Malaysia bans social media accounts for children under 16
Malaysia began enforcing a ban on social media accounts for under-16s, testing whether age gates can protect children without pushing them into harder-to-watch corners online.

Malaysia’s new under-16 social media ban is now in force, putting the country at the center of a growing global push to police children’s access to major digital platforms. Services with at least 8 million users in Malaysia, including Facebook, Instagram, TikTok and YouTube, must deploy age-verification systems and prevent children younger than 16 from opening accounts, with penalties of up to 10 million ringgit, or about $2.5 million, for companies that fail to comply. Parents will not be punished if their children bypass the system.

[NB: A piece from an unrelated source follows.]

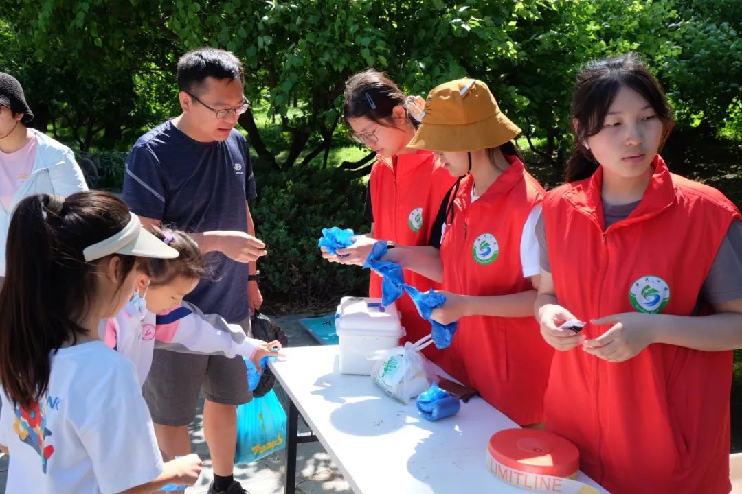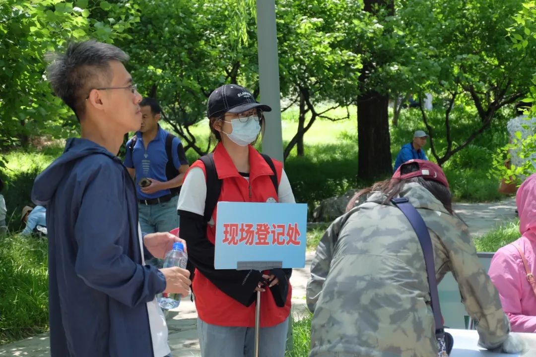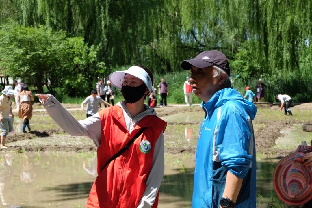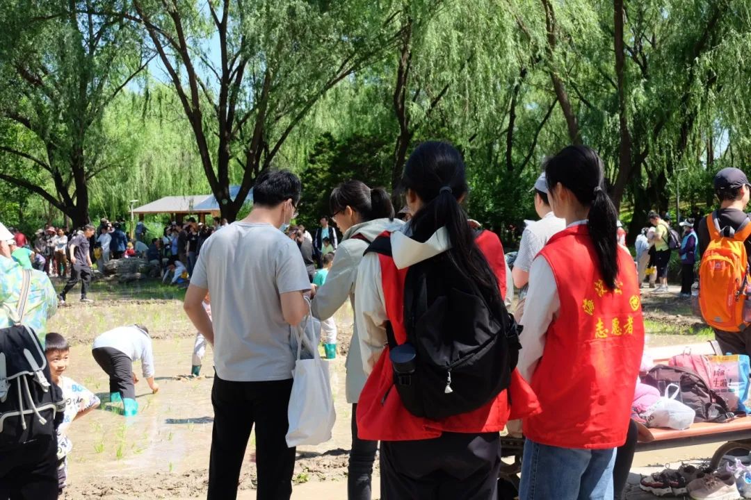 上午8:30,志愿者们陆续抵达海淀公园御稻流香景区。海淀公园的活动负责老师带领志愿者们熟悉各项工作流程、交代注意事项后,志愿者们换上红马甲,分为五支队伍,分别协助工作人员开展外场秩序维持、登记排号指引、鞋套和雨鞋发放、插秧现场秩序维持、秧苗管理的工作。

The Malaysian Communications and Multimedia Commission said the rules sit inside the Online Safety Act 2025, or ONSA, which it says was designed to address harmful content and create a safer digital environment. The commission published the Child Protection Code and Risk Mitigation Code on May 22 after a public consultation that ran from February 12 to March 31, and said it had engaged social media platforms and other stakeholders 37 times over the previous six months. Regulators have framed the policy as a child-safety measure, not a full internet ban, and say the aim is to push platforms toward safer products and age-appropriate protections.

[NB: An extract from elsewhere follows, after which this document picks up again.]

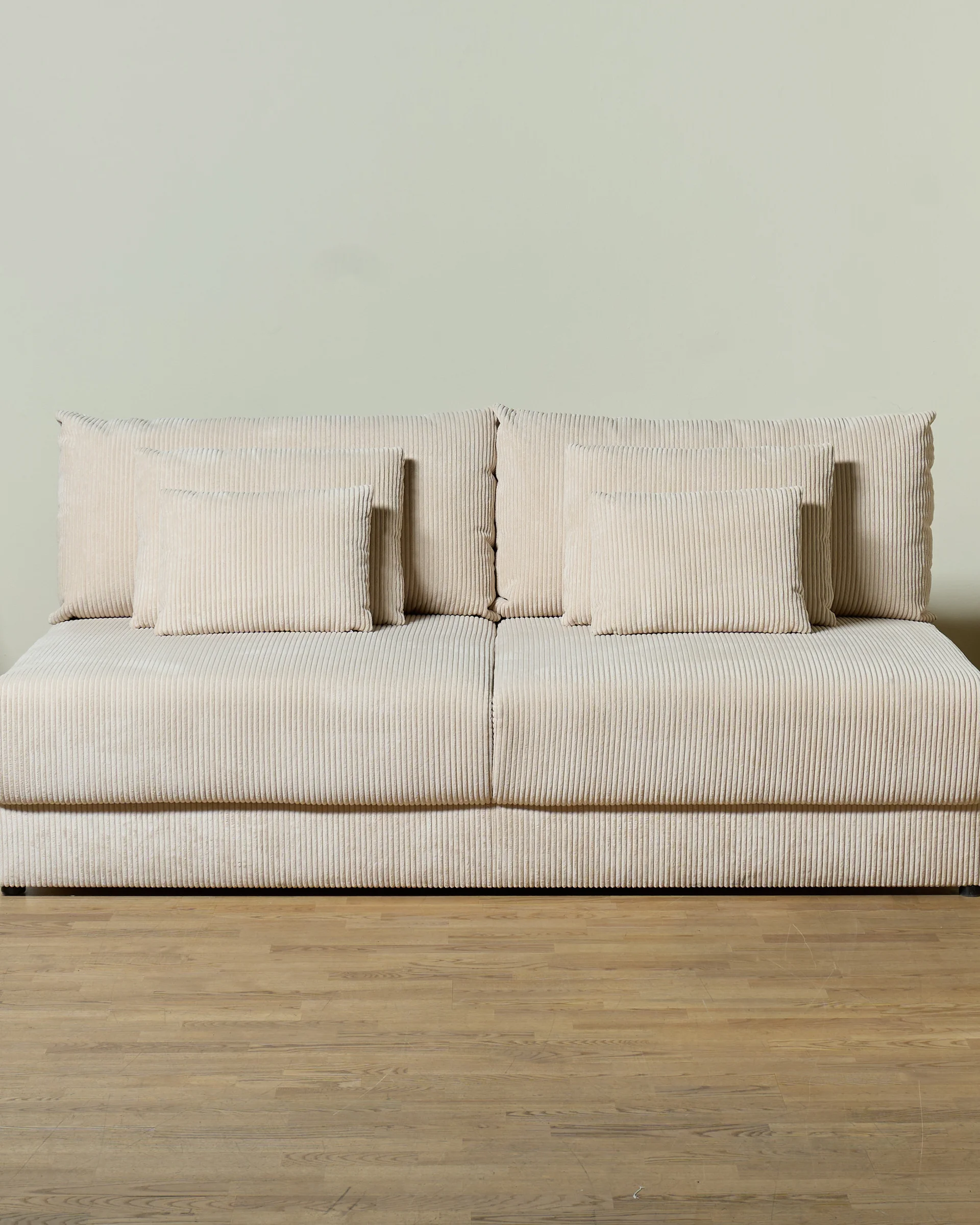 Sofaen krever armlener som avslutning. Uten dekselsider/armlener er oppbevaringsboksen eksponert, men det påvirker ikke sofaens funksjon. Et alternativ til armlenene er de smale dekksidene.

The mechanics of the ban are what make it consequential. MCMC has pressed for safety-by-design features that limit manipulative design, reduce compulsive use and force platforms to act against underage accounts and harmful material. That leaves the hardest question unanswered: how reliably can platforms verify age at scale without creating new privacy problems or encouraging families to work around the system?
That concern has already drawn criticism. ARTICLE 19 and Malaysian civil-society groups urged Prime Minister Anwar Ibrahim in April to withdraw the proposed ban, arguing that it was misguided and disproportionate and could undermine privacy and freedom of expression for adults and children alike. UNICEF Malaysia said in December that age bans alone would not keep children safe online and could have unintended consequences, including pushing children toward less regulated platforms where harm is harder to detect and report. Meta has also warned that a blanket ban could drive teens into less regulated corners of the internet, even as the company says it already offers teen accounts that limit contact, screen time and exposure to inappropriate content.
Malaysia’s move comes as Australia, Brazil and Indonesia have introduced or announced age-based restrictions or requirements, while Britain, France, Spain, Denmark, Thailand and South Korea are weighing similar steps. That makes Malaysia a real-world test of whether hard age gates can improve child safety online without simply shifting young users into harder-to-monitor spaces.